### [GOAL OF THE EXERCISE]
The answer must consist solely of the lines from the opening line of the entries through the line with "Cowhide 레오파드 무늬", transcribed exactly and without any pictures.

### [MATERIAL FOR THE TASK]
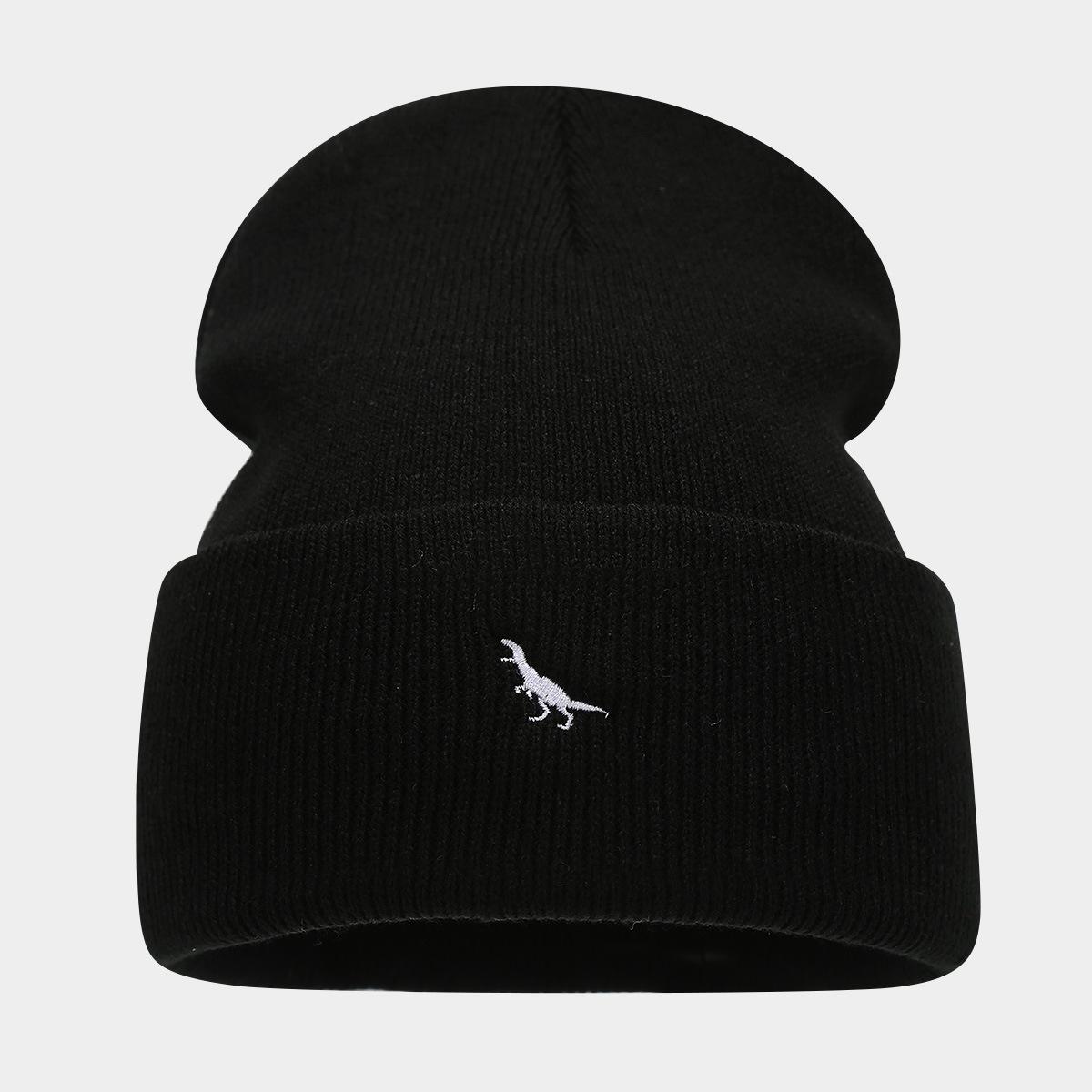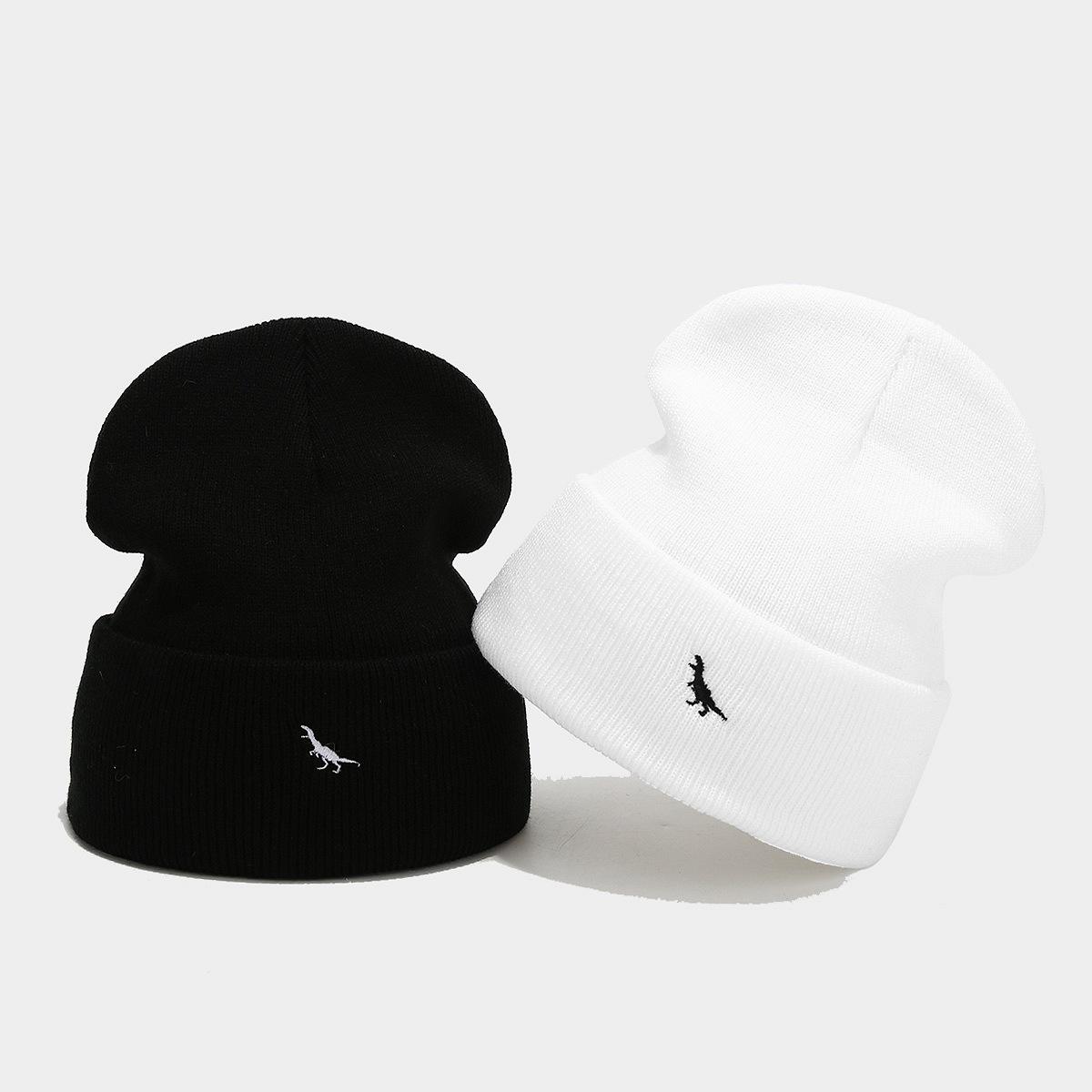 Gorro de lana con bordado de dinosaurio pequeño, superventas en comercio electrónico transfronterizo, para amantes del otoño e invierno, gorro de punto para exteriores, gorro de marca Tide
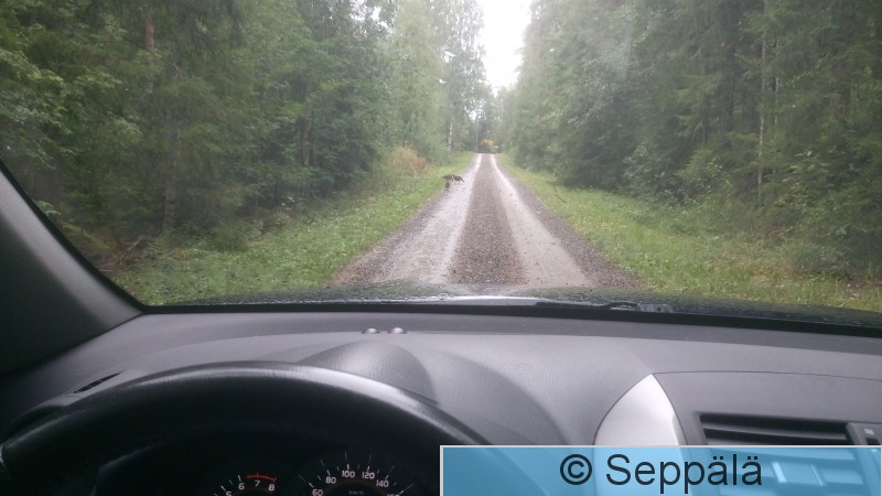 Pälkäne Laipanmaa Kaksi naarasmetsoa ja kaksi koirasta sateessa tiellä kiviä syömässä. Aivan aikuisen näköisiä, mutta toinen naaras oli porukan pomo, joten kyseessä oli poikue. Kännykuva.
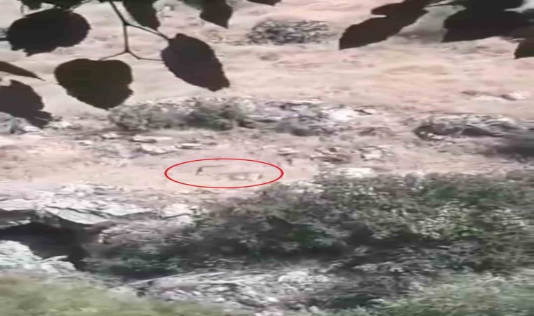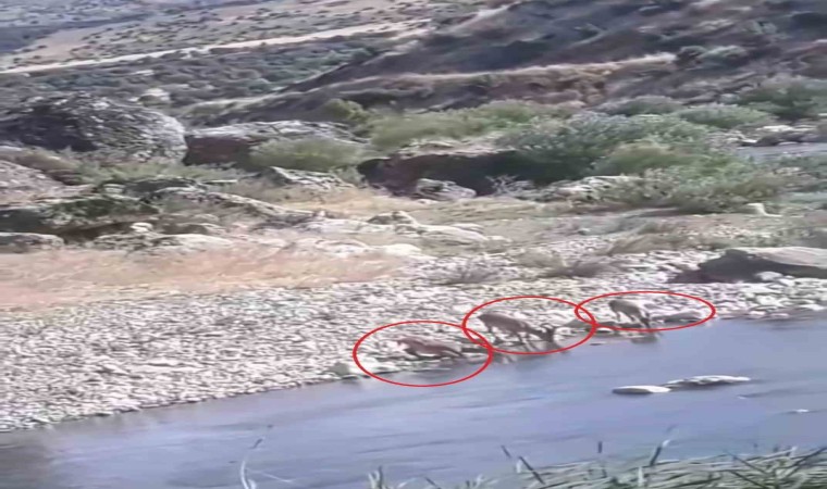 Bu sırada bölgede bulunan bir vatandaş, susayıp dağdan inerek dereden su içen keçileri cep telefonu kamerasıyla görüntüledi.
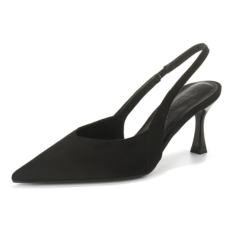 Cowhide 레오파드 무늬 하이힐 발가락 덮인 빈 샌들 여성 여름 유럽과 미국의 뾰족한 발가락 스틸레토 프렌치 스타일 트렌디 작은 싱글 레이어 신발
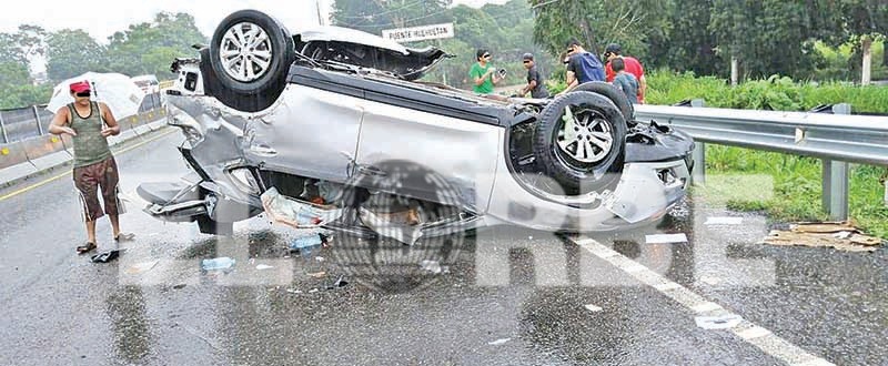 Un Nissan X-Trail de color gris con placas de circulación del estado de Chiapas, volcó en la vía y quedó sobre su toldo. Conductores que transitaban por el lugar, solicitaron la intervención de paramédicos y elementos policiacos para que se trasladaran al lugar a verificar este accidente.
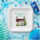 This new home/housewarming party paper plate features a darling cartoon house and landscape tree, bush and potted plants Personalise this new home paper plate with your own words.
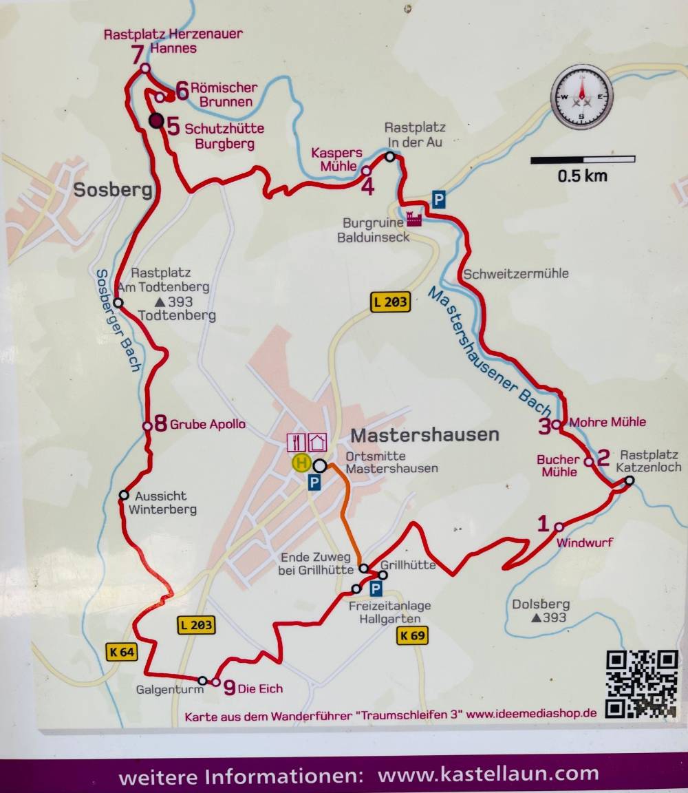 Über die Traumschleife "Masdascher Burgherrenweg" führt uns diese Variante bis zur längsten Hängeseilbrücke Deutschlands, die sich über eine Länge von 360 m und 100 m über Grund spektakulär bei der "Geierlay" über das Tal des Mörsdorfer Baches spannt. Hunsrück: Beliebter Rundwanderweg Mitten in der reizvollen Hunsrücklandschaft wartet mit dem "Masdascher Burgherrenweg" eine traumhafte Rundtour durch verwunschene Täler mit murmelnden Bächen, sanften Höhen mit herrlichen Fernsichten, uralten Gemäuern aus Kelten, Römer und Ritterzeiten darauf entdeckt zu werden. Der Weg ist top gepflegt, wartet mit reichlichen Rastplätzen - u. a. einer trutzigen Burgruine, Einkehrmöglichkeit zum Kaffee, einer empfehlenswerten Gaststätte zum Tagesabschluss und als krönender Höhepunkt - pures Adrenalinfeeling beim überqueren Deutschlands längster Hängeseilbrücke "Geierlay"
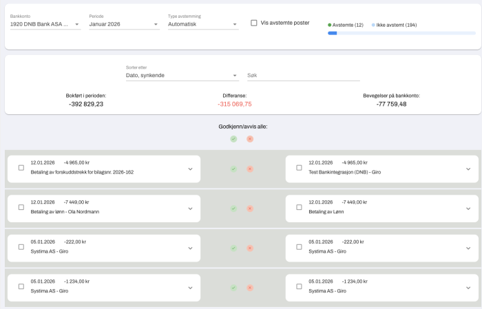 Når bankintegrasjon er aktivert, hentes bevegelser fra banken inn til Systima med jevne mellomrom. Systemet kan foreslå eller gjennomføre matching mot fakturaer, innbetalinger og andre bilag der beløp og dato stemmer. Du ser raskt hva som er avstemt, hva som gjenstår, og hvor det eventuelt er avvik. Det gir en bankavstemming som er raskere, mer oversiktlig og bedre dokumentert.

### [SOLVED EXERCISE]
 Gorro de lana con bordado de dinosaurio pequeño, superventas en comercio electrónico transfronterizo, para amantes del otoño e invierno, gorro de punto para exteriores, gorro de marca Tide
 Pälkäne Laipanmaa Kaksi naarasmetsoa ja kaksi koirasta sateessa tiellä kiviä syömässä. Aivan aikuisen näköisiä, mutta toinen naaras oli porukan pomo, joten kyseessä oli poikue. Kännykuva.
 Bu sırada bölgede bulunan bir vatandaş, susayıp dağdan inerek dereden su içen keçileri cep telefonu kamerasıyla görüntüledi.
 Cowhide 레오파드 무늬 하이힐 발가락 덮인 빈 샌들 여성 여름 유럽과 미국의 뾰족한 발가락 스틸레토 프렌치 스타일 트렌디 작은 싱글 레이어 신발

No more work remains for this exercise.